This report supports something I’ve been talking about for a while:
Major AI chatbots like ChatGPT struggle to distinguish between belief and fact, fueling concerns about their propensity to spread misinformation, per a dystopian paper in the journal Nature Machine Intelligence.
“Most models lack a robust understanding of the factive nature of knowledge — that knowledge inherently requires truth,” read the study, which was conducted by researchers at Stanford University.
They found this has worrying ramifications given the tech’s increased omnipresence in sectors from law to medicine, where the ability to differentiate “fact from fiction, becomes imperative,” per the paper.
“Failure to make such distinctions can mislead diagnoses, distort judicial judgments and amplify misinformation,” the researchers noted.
From a philosophical perspective, I have been extremely skeptical about A.I. from the very beginning. To me, the basic premise of the whole thing has a shaky premise: that what’s been written — and collated — online can form the basis for informed decisionmaking, and the stupid rush by corporations to adopt anything and everything A.I. (e.g. to lower salary costs by replacing humans with A.I.) threatens to undermine both our economic and social structures.
I have no real problem with A.I. being used for fluffy activities — PR releases and “academic” literary studies being examples, and more fool the users thereof — but I view with extreme concern the use of said “intelligence” to form real-life applications, particularly when the outcomes can be exceedingly harmful (and the examples of law and medicine quoted above are but two areas of great concern). Everyone should be worried about this, but it seems that few are — because A.I. is being seen as the Next Big Thing, like the Internet was regarded during the 1990s.
Anyone remember how that turned out?
Which leads me to the next caveat: the huge growth of investment in A.I. is exactly the same as the dotcom bubble of the 1990s. Then, nobody seemed to care about such mundane issues as “return on investment” because all the Smart Money seemed to think that there was profit in them thar hills somewhere, we just didn’t know where.
Sound familiar in the A.I. context?
Here’s where things get interesting. In the mid-to-late 1990s, I was managing my own IRA account, and my ROI was astounding: from memory, it was something like 35% per annum for about six or seven years (admittedly, off an extremely small startup base; we’re talking single-figure thousands here). But towards the end of the 1990s, I started to feel a sense of unease about the whole thing, and in mid-1999, I pulled out of every tech stock and went to cash.
The bubble popped in early 2000. When I analyzed the potential effect on my stock portfolio, I would have lost almost everything I’d invested in tech stocks, and only been kept afloat by a few investments in retail companies — small regional banks and pharmacy chains. I was saved only by that feeling of unease, that nagging feeling that the dotcom thing was getting too good to be true.
Even though I have no investment in A.I. today — for the most obvious of reasons, i.e. poverty — and I’m looking at the thing as a spectator rather than as a participant, I’m starting to get that same feeling in my gut as I did in 1999.
And I’m not the only one.
Michael Burry, who famously shorted the US housing market before its collapse in 2008, has bet over $1 billion that the share prices of AI chipmaker Nvidia and software company Palantir will fall — making a similar play, in other words, on the prediction that the AI industry will collapse.
According to the Securities and Exchange Commission filings, his fund, Scion Asset Management, bought $187.6 million in puts on Nvidia and $912 million in puts on Palantir.
Burry similarly made a long-term $1 billion bet from 2005 onwards against the US mortgage market, anticipating its collapse. His fund rose a whopping 489 percent when the market did subsequently fall apart in 2008.
It’s a major vote of no confidence in the AI industry, highlighting growing concerns that the sector is growing into an enormous bubble that could take the US economy with it if it were to lead to a crash.
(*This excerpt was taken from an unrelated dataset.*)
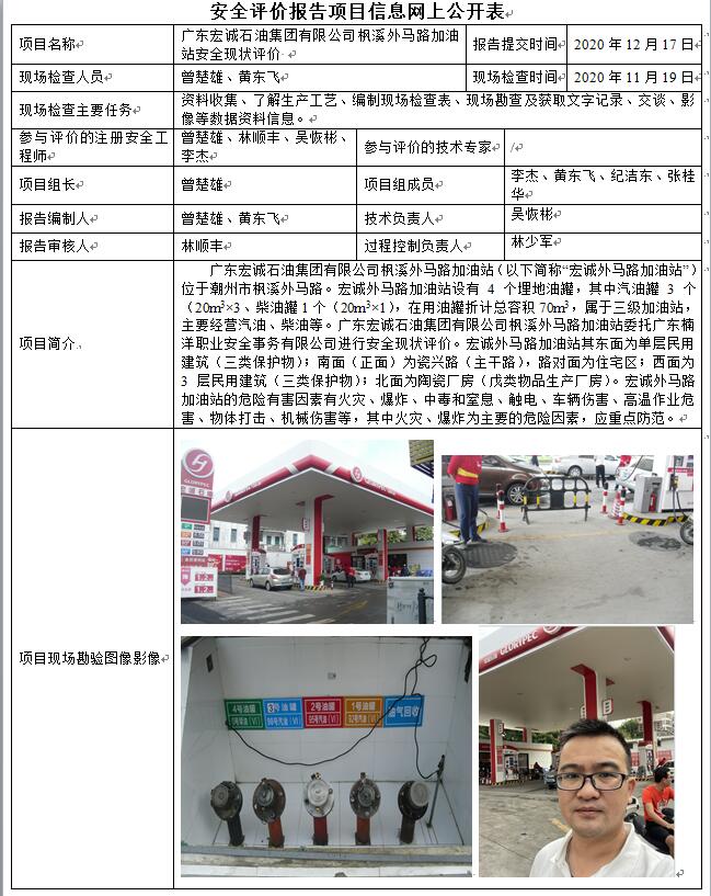 广东宏诚石油集团有限公司枫溪外马路加油站安全现状评价
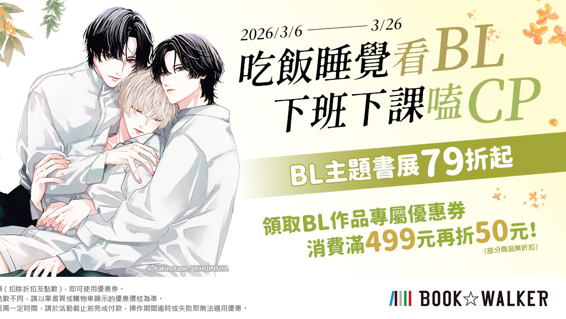 電子書平台 BOOK☆WALKER 推出「吃飯睡覺看 BL,下班下課嗑 CP BL 主題書展」,活動期間 3 月 6 日至 3 月 26 日。本次精選書目包含《異世界的處置依社畜而定》、《10DANCE》,以及《永恆的契約》、《哈利路亞寶貝... 繼續閱讀

In the late 2000s, by the way, anyone with a brain could see that the housing bubble, based on indiscriminate loans to unqualified buyers, was doomed to end bad badly; yet people continued to think that the growth in the housing market was both infinite and sound (in today’s parlance, that overused word “sustainable”). Of course it wasn’t, and guys like Burry made, as noted above, billions upon its collapse.
I see no essential difference between the dotcom, real estate and A.I. bubbles.
The difference between the first two and the third, however, is the gigantic financial upfront investment that A.I. requires in electrical supply in order for the thing to work properly, or even at all. That capacity just isn’t there, hence the scramble for companies like Microsoft to create the capacity by, for example, investing in nuclear power generation facilities — at no small cost — in order to feed A.I.’s seemingly insatiable demand for processing power.
This is not going to end well.
But from my perspective, that’s not a bad thing because at the heart of the matter, I think that A.I. is a bridge too far in the human condition — and believe me, despite all my grumblings about the unseemly growth of technology in running our day-to-day lives, I’m no Luddite.
I just try to keep a healthy distinction between fact and fantasy.